前略 X様

国語において鄭の子産曰く、防民之口甚於防川(民の口を防ぐは川を防ぐより甚だし)、と。
中共の政策が正にこれで、その愚かさはインターネットの時代になっても全く変わらぬ。
異論を許さぬ、というよりも、人民が本当のことを知ってしまい、事実を基に中共の、特に統治の正統性を批判するのが怖くてたまらないのだ。
日本人が中国や中国人の悪口を幾ら言っていても放置しているし、また日本国内に居る限り放置せざるを得ないが、中国国内に居る者が本当の事を言い出すと、中国人だろうが外国人だろうが神経質になる。

それこそ正に小心翼翼、この一介のサラリーマンに過ぎぬ僕ですら怖いから口を塞ごうとする。
現に僕は自分のブログで自分が書いたことを中国では見られないのである。
ひょっとして、何かの間違いでこのブログが有名になってしまうと、こういう形で自分の考えをアップすることも許されなくなるだろう。
中国のインターネットは閉じているからそういう事が出来ると中共は思っているのだろうが、それこそインターネットなら方法は幾らでも有るから無意味な徒労だ。

しかし個人的に腹が立つことは立つ。
中国人は相手が誰だろうと正面から反論されると面子を潰されたと感じるので、反論をするならできるだけ穏やかに、多くの人々が一遍に判ってしまわないように反論するのが礼に適っていると思っている。
つまり論理的合理的で効率的に自由な議論が出来ないのが中華というものである。
論理的合理的で効率的に自由な議論が出来ないのだから、世界を変えるような新しくて良いものが他に先駆けて生まれるわけがなく、先進的なものは真似し続けるしかない。

これでは何時まで経ってもコピー大国から抜け出せないし、個々の中国人が幾ら優秀でも、組織対組織では欧米や日本に敵わないわけだ。
同様なことは小中華である半島にも言えるかも知れない。
自戒を込めて言うが、自らへの反論を言う口を塞いではならないのだ。
特に事実を挙げての反論に対しては。

そういう中でフラストレーションを溜めているのは僕のような日本人だけではない。
だから本当に中共にとって触れて欲しくない事を正面切って多くの人々に語りかける場合には工夫が要る。
それは古来より中国の文人が試みて来た方法である。
中国だけではなく、日本でも、例えば近松の忠臣蔵がそのような方法で書かれている。

しかしそのような方法で書かれた文章は、同時代に多くの理解者を得る事が難しい。
古典とか、教養というものを共有している者の間でしか通じない暗号文であることが多いからである。
誰も他人のフラストレーション発散が目的である暗号文など読もうとは思わない。
そういう暗号文を読もうと思う人が多くなるのは、同じフラストレーションを抱える人々が多くなった時だけである。

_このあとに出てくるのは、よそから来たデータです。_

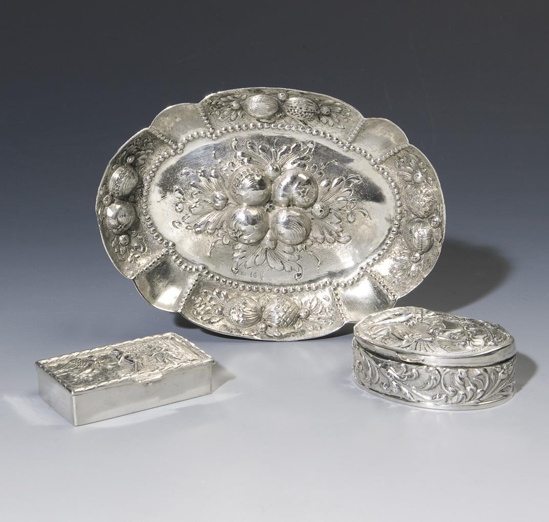 Floral und figural reliefiert. Dosen innen vergoldet, mit Scharnierdeckel und Daumengriff. Punzen: Feingehalt, zwei Fabrikmarken, einmal Halbmond und Krone.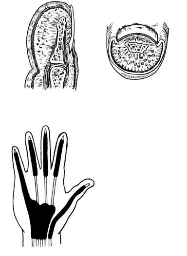2)соединительнотканный слой клетчатки тонкий и мало предохраняет от повреждения глубже расположенные, малоустойчивые к инфекции ткани – сухожильное влагалище, кость, сустав; к тому же особенность строения клетчатки пальца, разделенной соединительнотканными волокнами на мелкие доли (рис. 49), благоприятствует распространению инфекции в глубину пальца и быстрому омертвению пораженных участков пальца;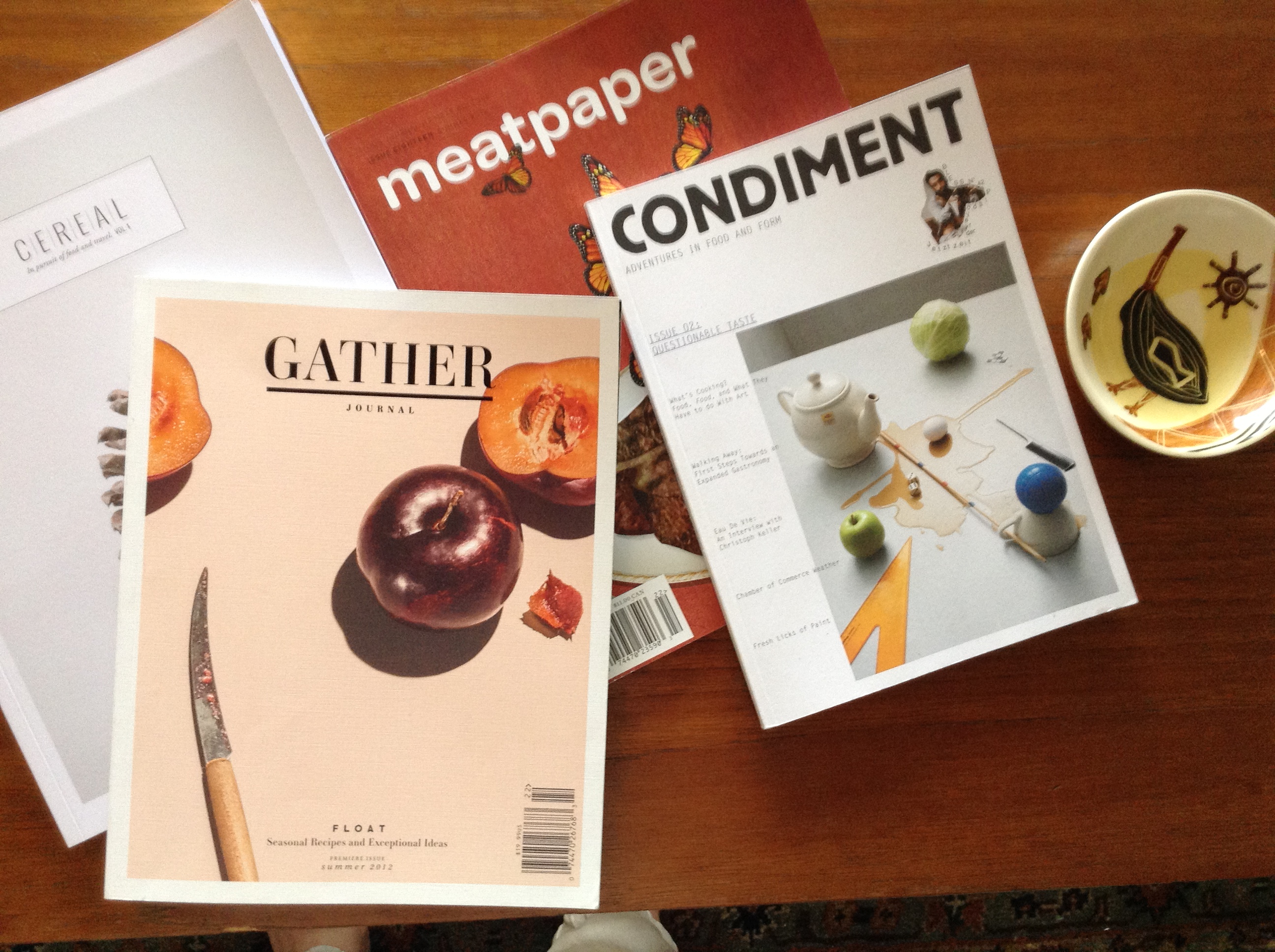 Gather is another substantial publication designed to sit on your shelf for some time. Printed in the US, it is seasonal and recipe based, with the first edition coming out in the Northern summer 2012. The journal follows the courses of a meal with chapters from Amuse Bouche and Cocktails through Starters, Mains and Desserts. The final chapter is on Salt and covers the many types and uses of salt as well as recipes for salty treats such as peanut brittle.

今、中国人の中に、そのようなフラストレーションを抱えている人は、そう多くはない。
日本人に至っては皆無に近いのではないか。
何しろ日本国内に居れば、幾らでも中国の悪口を言ってフラストレーションを発散できるので、暗号を使ってまで中共にモノを申す必要が無い。
しかし現に中国に住んでいる僕はそうはいかぬ。

僕は別に、孫文を応援した日本人義士のように中国人を煽って中共をひっくり返したいと思っているわけではない。
やろうとしても僕一人ではそんな途轍もないことはできないし、そもそも不満を持つ人がまだ少なく曲がりなりにも全般的に平和な状態を達成している政権を転覆するなど、その国の人にとって迷惑極まりない行為だ。
思うのは、せめて日本語を理解できる中国人に重要な事実を知って欲しいという事と、そのような事実を基に中共統治の正統性に少しでも疑問を感じて欲しいということである。
中共の好き放題を放置していては中国やその周辺国は滅茶苦茶になってしまうので、批判する目を養って欲しいのだ。

それは或る程度、日本人に対しても言える。
ネットの掲示板は中国人を嫌悪したり憎悪したりする下品な文言のオンパレードだが、そのような子供じみた文章は見るに忍びない。
中国人の欠点を論って悪口を書いている日本人の多くは、中国の多くの地域に旅行したこともなく、中国の本当の田舎に行ったこともない。
そして中国人を平気で侮蔑する書き方が出来る日本人は中国人の友達もいないだろうから、中国人が心の底ではどのように感じ、どのように考えているのだろうかと思いを巡らせることも無いだろう。

互いに互いを知らず、罵詈雑言し合っている状態は現状の不幸であるばかりでなく、将来の危機だ。
それは独り中国だけの危機ではなく、日本にとっても危機である。
日本人の中に、聞く耳を持っている人を見つけるのは比較的簡単だ。
だが中国人の中にそのような人を見つけるのは難しいので、これからも僕は中国人とのコミュニケーションについて考え続けなければならない。